_Exercise aim_.
Only an exact copy belongs in the answer: the line with "A pesquisa também" and every line after it through the end of the records, pictures left out.

[Source records]
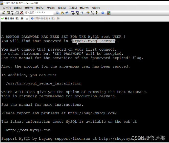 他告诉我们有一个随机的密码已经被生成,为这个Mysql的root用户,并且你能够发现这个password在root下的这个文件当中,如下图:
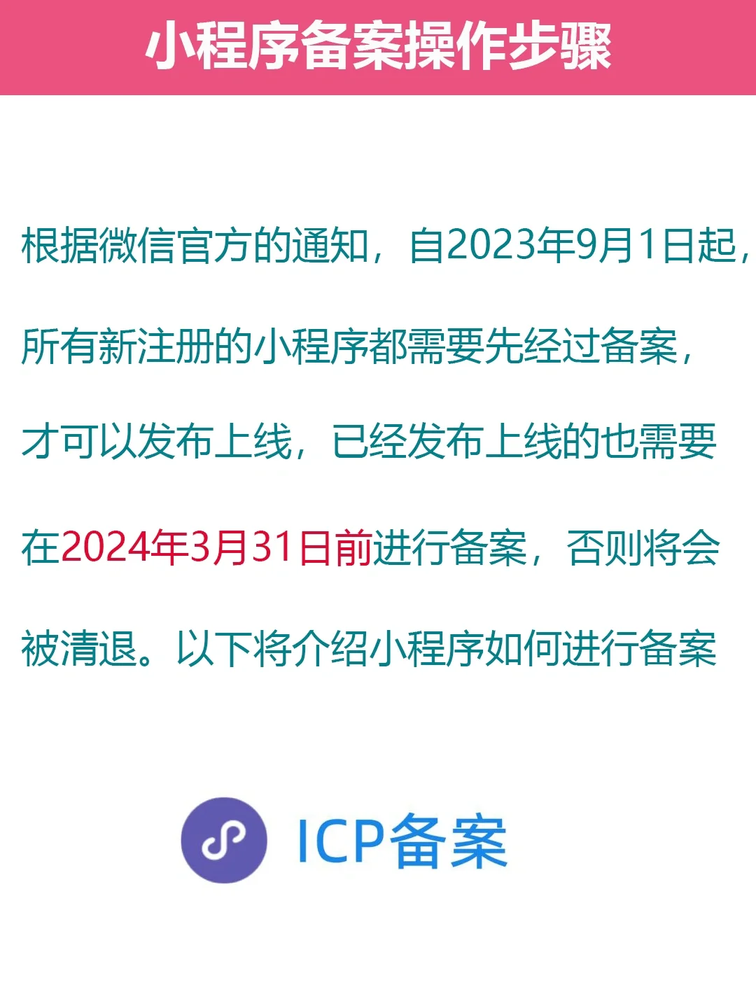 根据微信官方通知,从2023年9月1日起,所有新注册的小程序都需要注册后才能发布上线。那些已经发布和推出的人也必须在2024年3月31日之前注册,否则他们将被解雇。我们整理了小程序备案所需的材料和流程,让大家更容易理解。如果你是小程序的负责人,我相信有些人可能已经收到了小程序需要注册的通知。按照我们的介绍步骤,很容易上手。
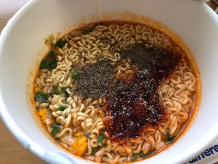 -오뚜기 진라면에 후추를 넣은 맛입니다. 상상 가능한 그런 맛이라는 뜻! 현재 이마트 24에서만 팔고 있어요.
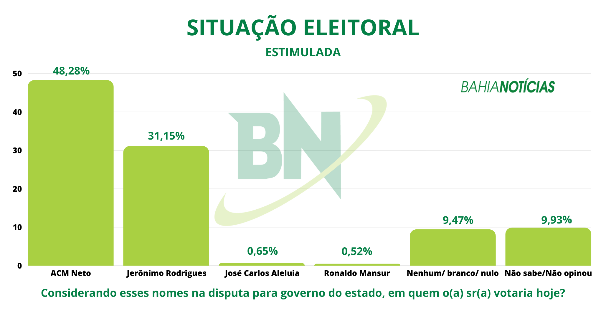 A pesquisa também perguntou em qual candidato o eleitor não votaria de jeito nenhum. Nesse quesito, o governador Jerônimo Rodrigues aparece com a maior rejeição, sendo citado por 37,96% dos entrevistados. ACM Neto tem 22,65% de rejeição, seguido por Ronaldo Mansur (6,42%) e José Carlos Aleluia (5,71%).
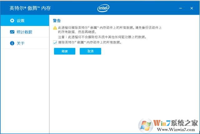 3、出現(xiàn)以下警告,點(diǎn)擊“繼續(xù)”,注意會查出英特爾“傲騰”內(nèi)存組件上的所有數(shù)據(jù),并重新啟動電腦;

_Reply to the task_.
 A pesquisa também perguntou em qual candidato o eleitor não votaria de jeito nenhum. Nesse quesito, o governador Jerônimo Rodrigues aparece com a maior rejeição, sendo citado por 37,96% dos entrevistados. ACM Neto tem 22,65% de rejeição, seguido por Ronaldo Mansur (6,42%) e José Carlos Aleluia (5,71%).
 3、出現(xiàn)以下警告,點(diǎn)擊“繼續(xù)”,注意會查出英特爾“傲騰”內(nèi)存組件上的所有數(shù)據(jù),并重新啟動電腦;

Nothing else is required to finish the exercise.